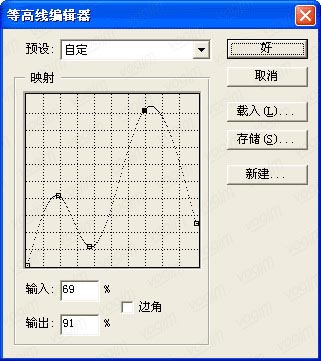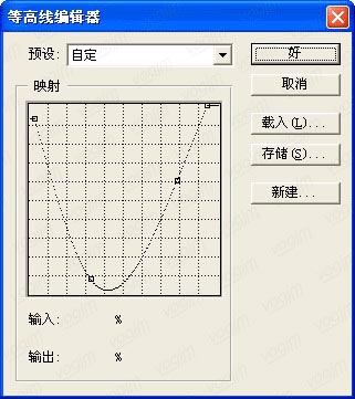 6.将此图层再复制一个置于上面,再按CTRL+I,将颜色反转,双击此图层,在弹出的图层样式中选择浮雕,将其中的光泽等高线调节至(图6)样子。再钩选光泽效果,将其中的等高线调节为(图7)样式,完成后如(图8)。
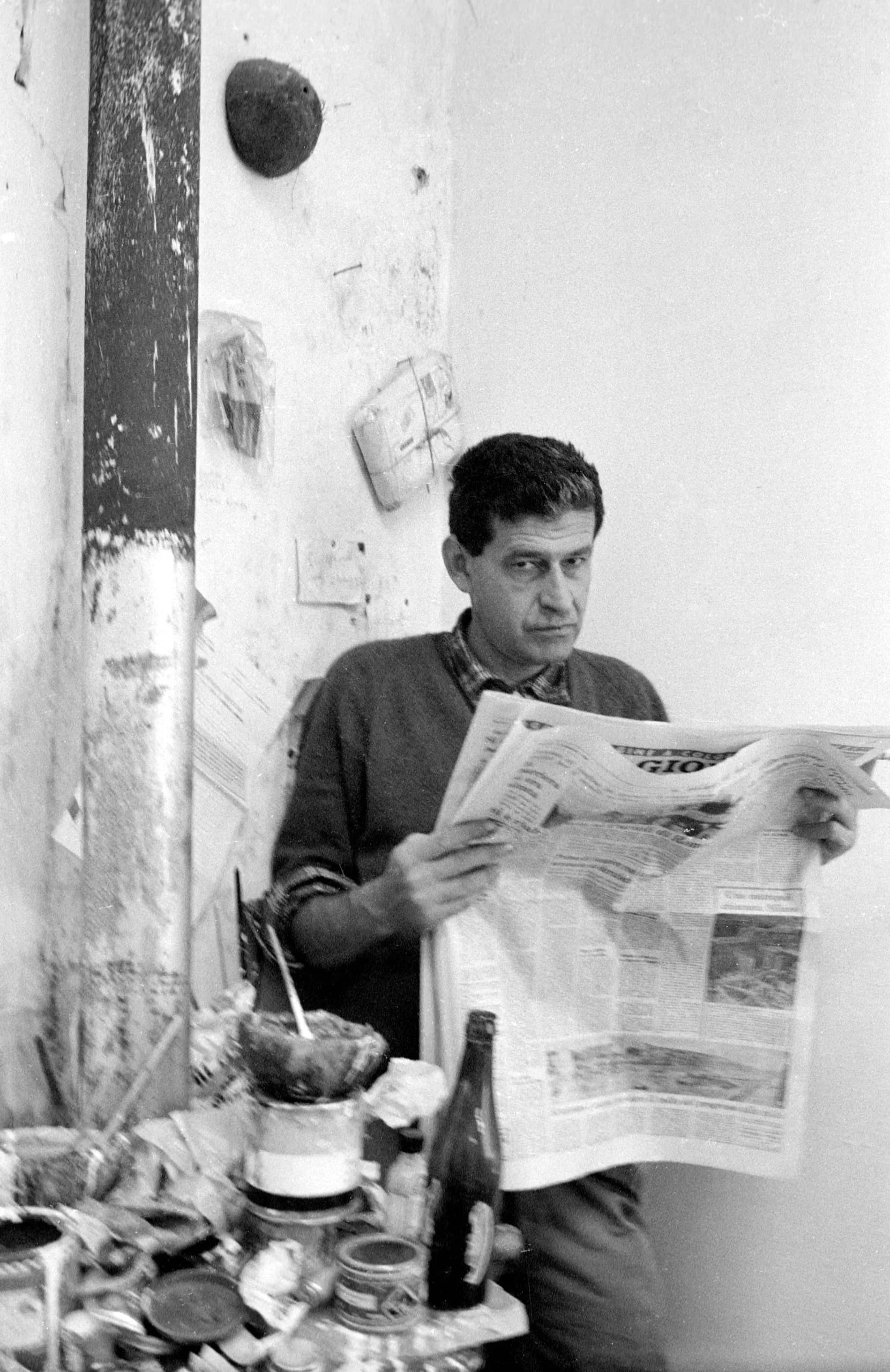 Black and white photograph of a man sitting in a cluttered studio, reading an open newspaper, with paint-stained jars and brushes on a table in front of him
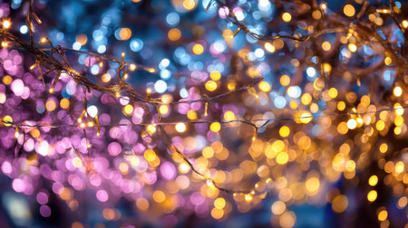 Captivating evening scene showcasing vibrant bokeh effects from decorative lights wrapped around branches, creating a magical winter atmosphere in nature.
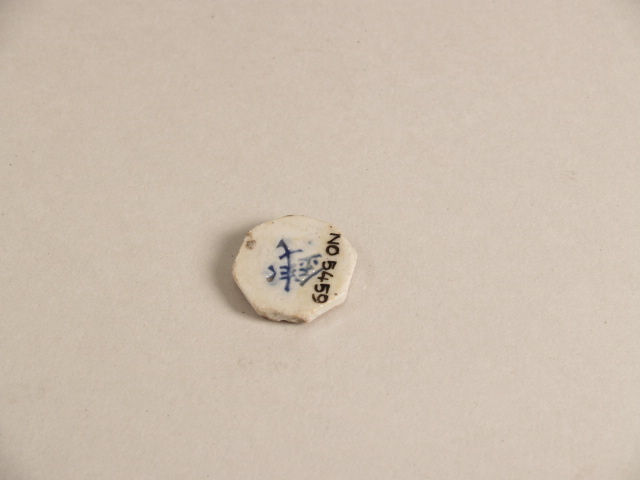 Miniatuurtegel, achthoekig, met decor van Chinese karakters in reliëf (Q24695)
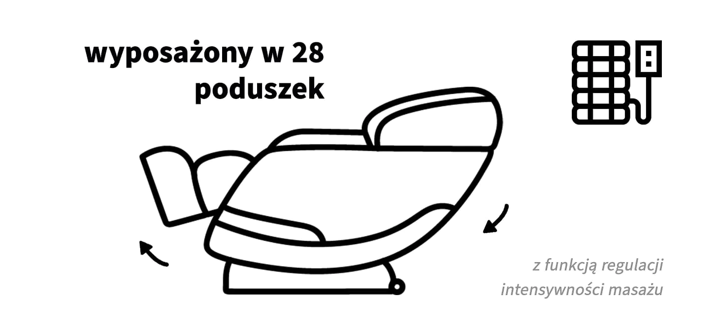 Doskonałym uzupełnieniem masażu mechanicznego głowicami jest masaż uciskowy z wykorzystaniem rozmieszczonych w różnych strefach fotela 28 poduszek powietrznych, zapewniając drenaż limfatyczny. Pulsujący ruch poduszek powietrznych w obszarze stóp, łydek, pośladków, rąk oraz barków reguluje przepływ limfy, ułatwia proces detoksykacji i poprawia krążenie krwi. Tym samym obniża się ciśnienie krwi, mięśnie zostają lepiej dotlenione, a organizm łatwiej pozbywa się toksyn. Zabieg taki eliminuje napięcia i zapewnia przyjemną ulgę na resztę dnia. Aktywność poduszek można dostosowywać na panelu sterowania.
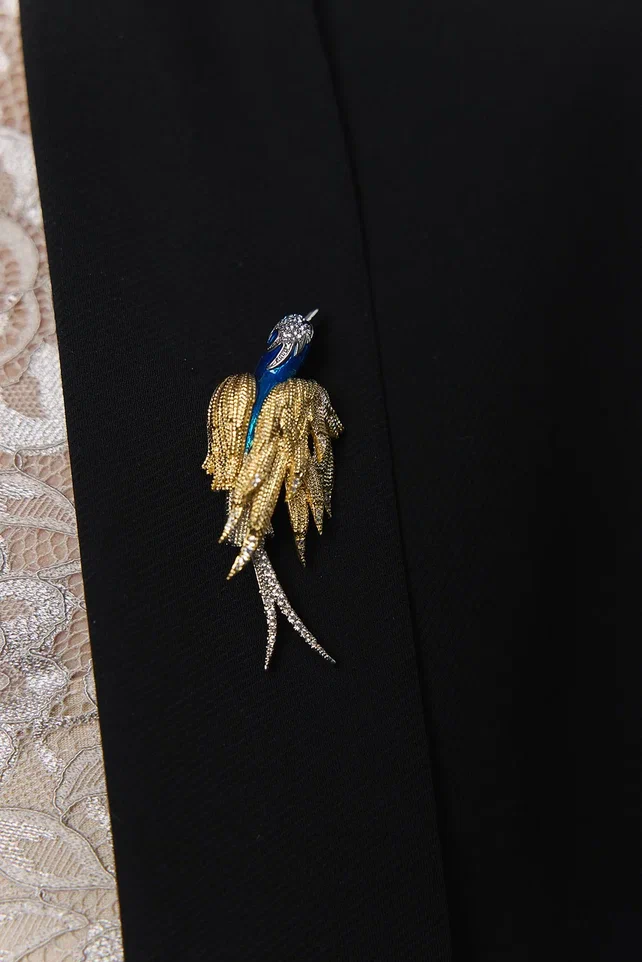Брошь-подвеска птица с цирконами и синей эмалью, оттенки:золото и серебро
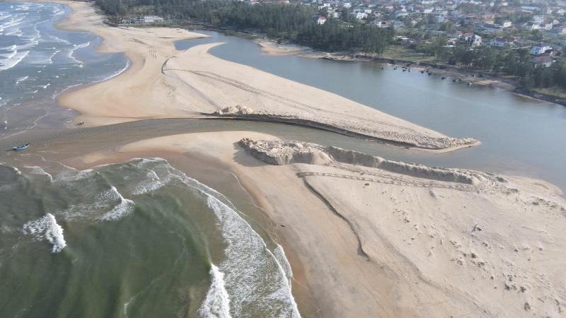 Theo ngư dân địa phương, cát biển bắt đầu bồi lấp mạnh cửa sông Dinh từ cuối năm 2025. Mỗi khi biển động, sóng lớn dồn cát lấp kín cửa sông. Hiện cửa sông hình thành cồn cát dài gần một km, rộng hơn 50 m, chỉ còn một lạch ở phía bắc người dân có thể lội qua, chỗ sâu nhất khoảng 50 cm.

● ● ● ●

• **Exercise prompt**
The lines above from the line with "Black and white" through the line with "Miniatuurtegel, achthoekig, met" are to be given again word for word, with no pictures among them.

• **Response for this exercise**
 Black and white photograph of a man sitting in a cluttered studio, reading an open newspaper, with paint-stained jars and brushes on a table in front of him
 Captivating evening scene showcasing vibrant bokeh effects from decorative lights wrapped around branches, creating a magical winter atmosphere in nature.
 Miniatuurtegel, achthoekig, met decor van Chinese karakters in reliëf (Q24695)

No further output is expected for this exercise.